Start of Records shown

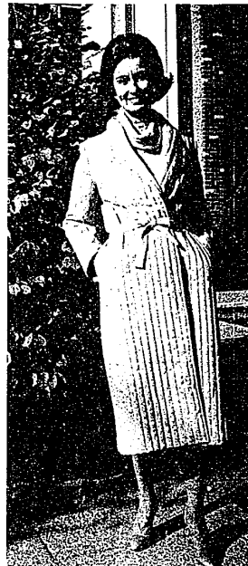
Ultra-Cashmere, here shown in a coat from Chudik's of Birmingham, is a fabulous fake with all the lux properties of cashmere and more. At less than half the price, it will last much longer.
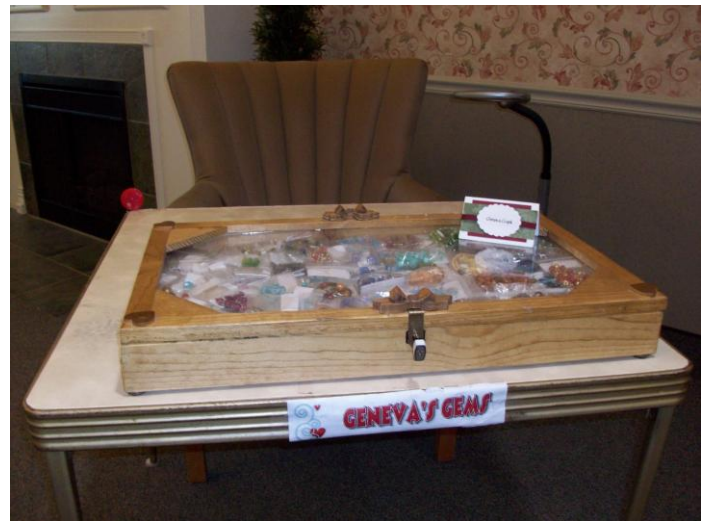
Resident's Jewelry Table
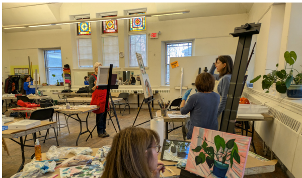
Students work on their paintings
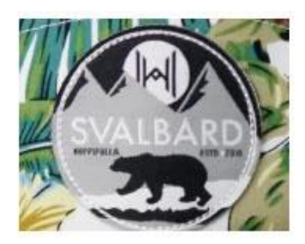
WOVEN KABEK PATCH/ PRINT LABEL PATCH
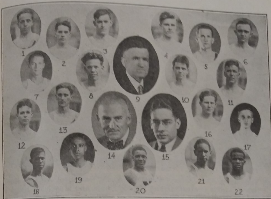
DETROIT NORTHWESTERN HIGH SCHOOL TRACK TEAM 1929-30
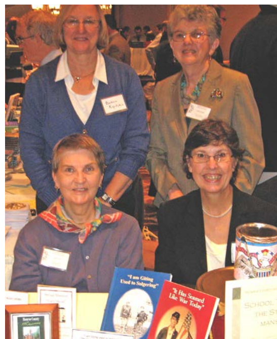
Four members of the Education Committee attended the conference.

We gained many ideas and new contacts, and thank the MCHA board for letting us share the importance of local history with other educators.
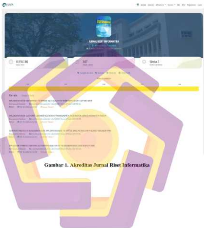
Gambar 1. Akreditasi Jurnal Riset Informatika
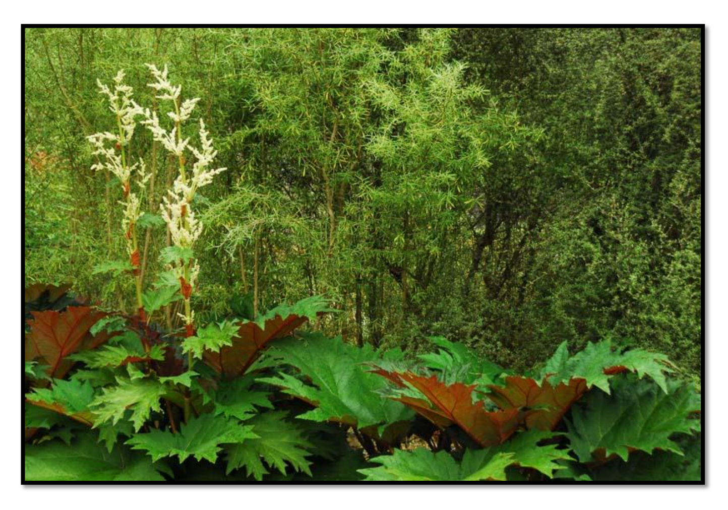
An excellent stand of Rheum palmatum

End of Records shown
Start of Records shown

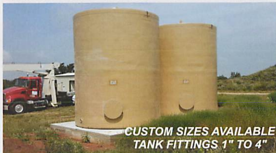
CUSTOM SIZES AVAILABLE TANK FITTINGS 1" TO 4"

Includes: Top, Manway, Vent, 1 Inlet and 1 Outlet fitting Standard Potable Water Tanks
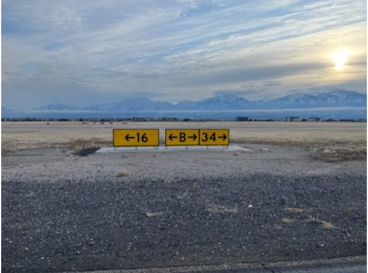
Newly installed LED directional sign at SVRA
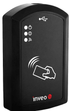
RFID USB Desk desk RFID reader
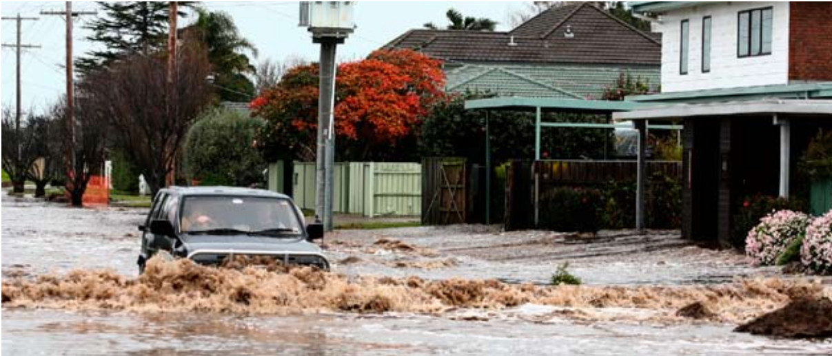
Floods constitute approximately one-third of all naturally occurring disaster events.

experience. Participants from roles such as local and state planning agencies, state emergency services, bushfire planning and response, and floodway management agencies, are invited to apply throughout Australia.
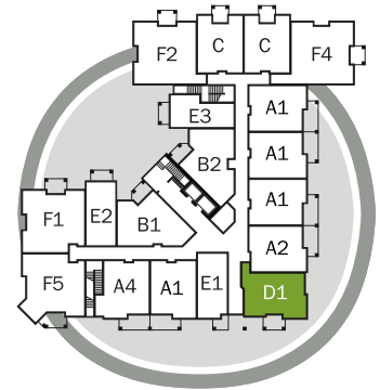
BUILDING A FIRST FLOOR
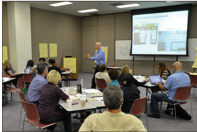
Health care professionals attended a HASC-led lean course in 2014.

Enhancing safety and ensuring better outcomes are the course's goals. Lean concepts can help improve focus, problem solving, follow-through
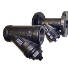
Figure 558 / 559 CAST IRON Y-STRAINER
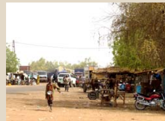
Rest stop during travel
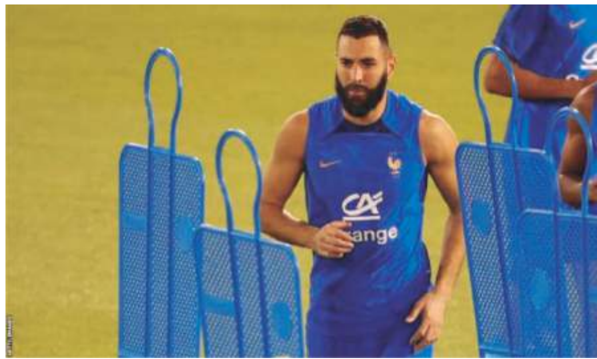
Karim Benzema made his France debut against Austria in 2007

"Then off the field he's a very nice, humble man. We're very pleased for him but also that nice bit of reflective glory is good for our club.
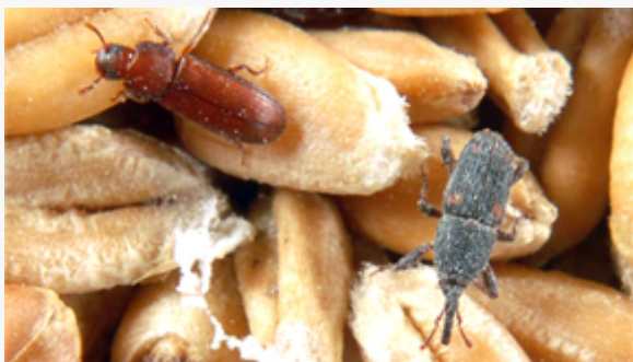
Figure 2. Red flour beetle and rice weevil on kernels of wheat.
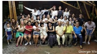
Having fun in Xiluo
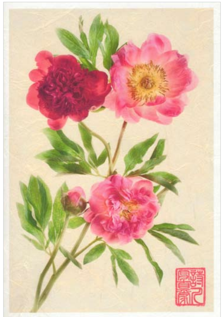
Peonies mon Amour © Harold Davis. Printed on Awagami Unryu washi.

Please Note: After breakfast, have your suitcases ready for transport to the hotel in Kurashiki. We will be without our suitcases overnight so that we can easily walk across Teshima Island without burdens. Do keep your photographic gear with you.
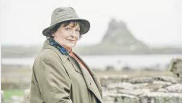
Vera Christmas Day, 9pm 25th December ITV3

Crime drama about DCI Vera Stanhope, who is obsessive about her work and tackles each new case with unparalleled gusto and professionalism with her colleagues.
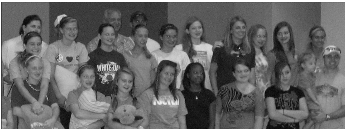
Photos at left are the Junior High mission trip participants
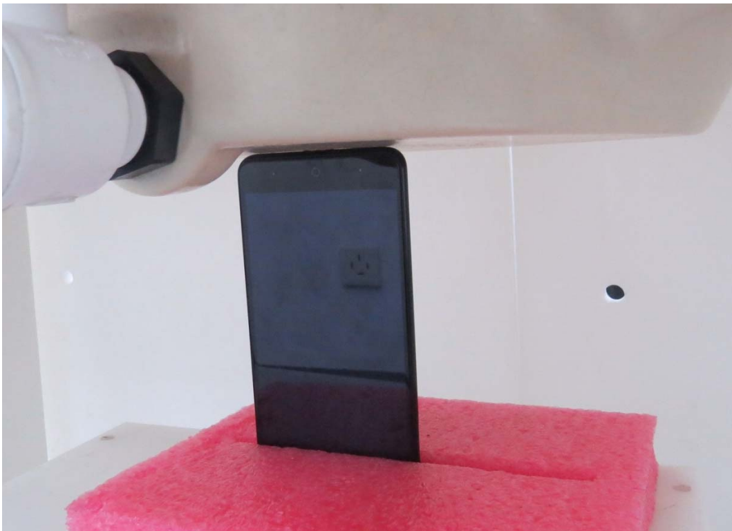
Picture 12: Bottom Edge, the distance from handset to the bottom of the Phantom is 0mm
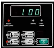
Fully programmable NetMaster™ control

End of Records shown

What is required >>
Within the listing above, the lines starting at the one containing "Please Note: After" and ending at the one containing "Fully programmable NetMaster™ control" are to be returned exactly. Omit the pictures.

Expected output >>
Please Note: After breakfast, have your suitcases ready for transport to the hotel in Kurashiki. We will be without our suitcases overnight so that we can easily walk across Teshima Island without burdens. Do keep your photographic gear with you.
Vera Christmas Day, 9pm 25th December ITV3

Crime drama about DCI Vera Stanhope, who is obsessive about her work and tackles each new case with unparalleled gusto and professionalism with her colleagues.
Photos at left are the Junior High mission trip participants
Picture 12: Bottom Edge, the distance from handset to the bottom of the Phantom is 0mm
Fully programmable NetMaster™ control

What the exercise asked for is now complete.